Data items

=== Begin Enclosure ===

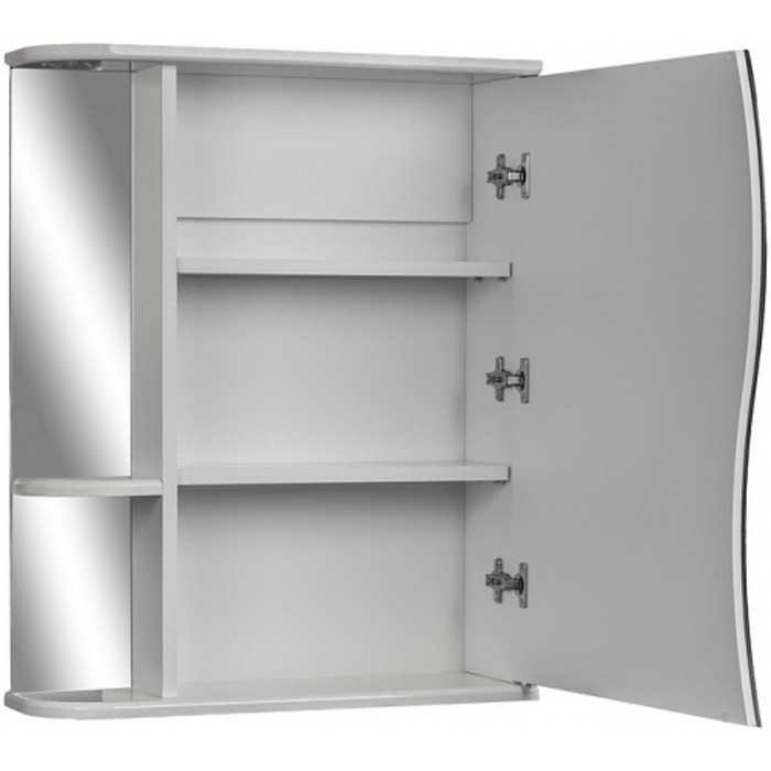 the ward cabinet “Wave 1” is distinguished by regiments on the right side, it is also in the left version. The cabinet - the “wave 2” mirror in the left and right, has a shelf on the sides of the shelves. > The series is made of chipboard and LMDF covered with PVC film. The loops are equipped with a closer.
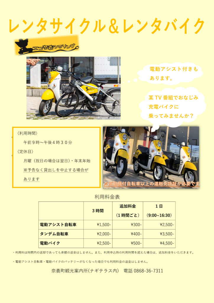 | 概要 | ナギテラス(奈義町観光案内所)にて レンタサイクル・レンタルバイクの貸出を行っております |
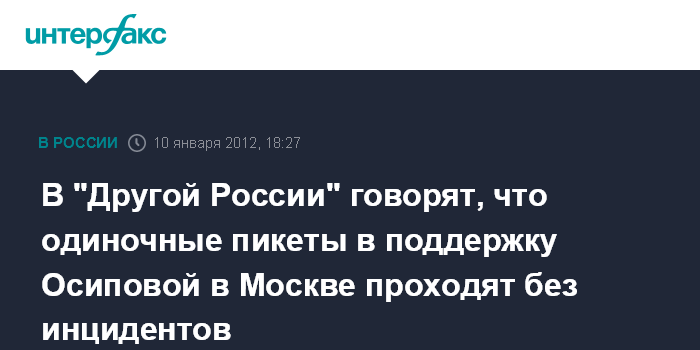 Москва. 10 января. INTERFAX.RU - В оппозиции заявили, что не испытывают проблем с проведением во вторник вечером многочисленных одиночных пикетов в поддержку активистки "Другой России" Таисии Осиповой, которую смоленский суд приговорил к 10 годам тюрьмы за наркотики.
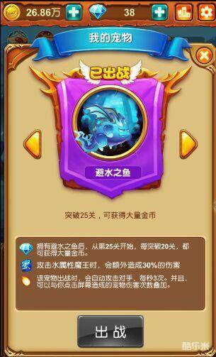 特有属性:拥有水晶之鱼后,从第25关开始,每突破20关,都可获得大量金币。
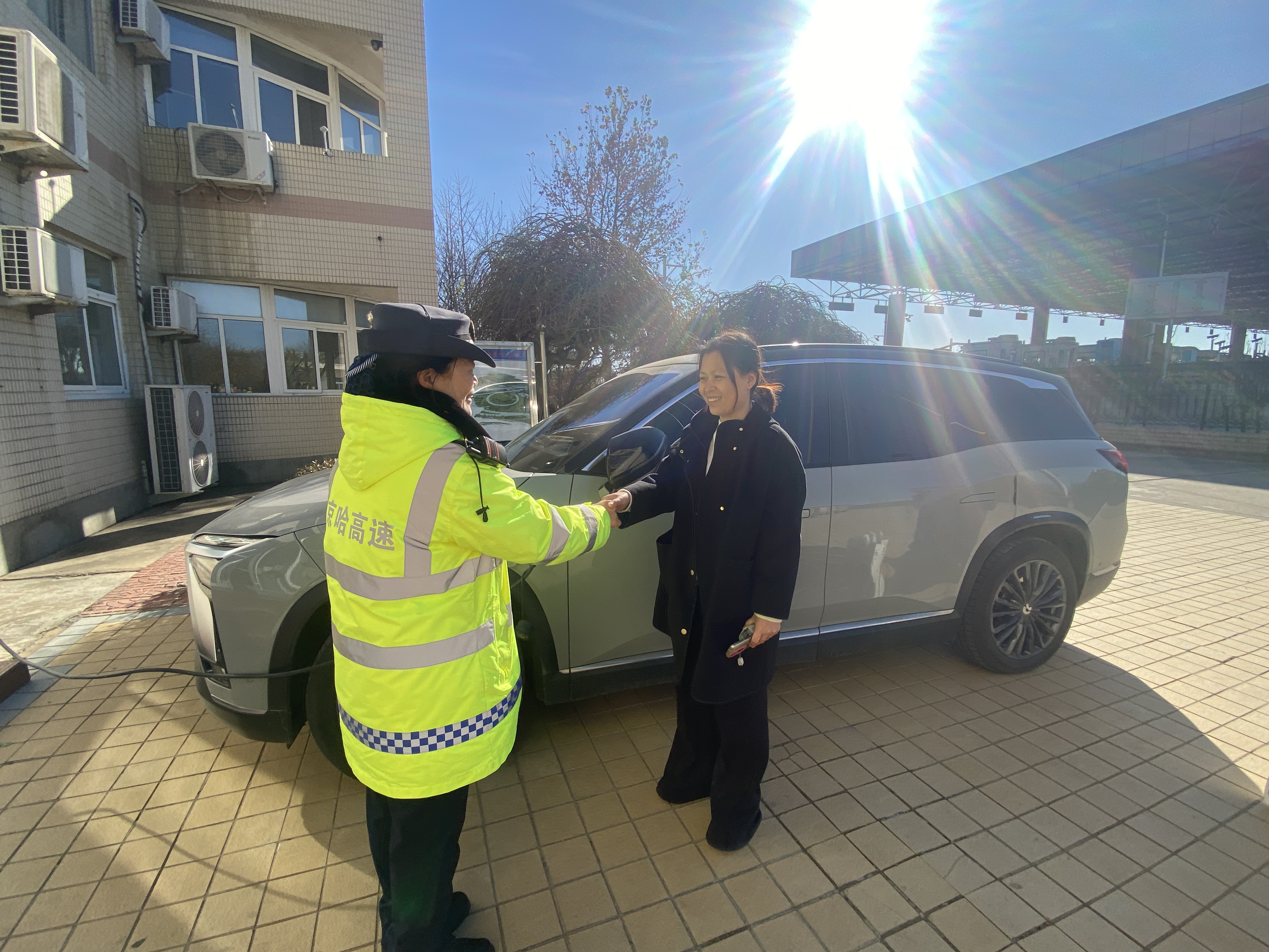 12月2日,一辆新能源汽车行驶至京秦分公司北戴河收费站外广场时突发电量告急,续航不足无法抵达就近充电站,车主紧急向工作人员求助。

=== End Enclosure ===

ABOUT THIS TASK:
Beginning at the line that contains "ナギテラス(奈義町観光案内所)にて レンタサイクル・レンタルバイクの貸出を行っております |" and ending at the last line of the data, return each line exactly; no picture belongs in the copy.

ANSWER TO THIS PROBLEM:
 | 概要 | ナギテラス(奈義町観光案内所)にて レンタサイクル・レンタルバイクの貸出を行っております |
 Москва. 10 января. INTERFAX.RU - В оппозиции заявили, что не испытывают проблем с проведением во вторник вечером многочисленных одиночных пикетов в поддержку активистки "Другой России" Таисии Осиповой, которую смоленский суд приговорил к 10 годам тюрьмы за наркотики.
 特有属性:拥有水晶之鱼后,从第25关开始,每突破20关,都可获得大量金币。
 12月2日,一辆新能源汽车行驶至京秦分公司北戴河收费站外广场时突发电量告急,续航不足无法抵达就近充电站,车主紧急向工作人员求助。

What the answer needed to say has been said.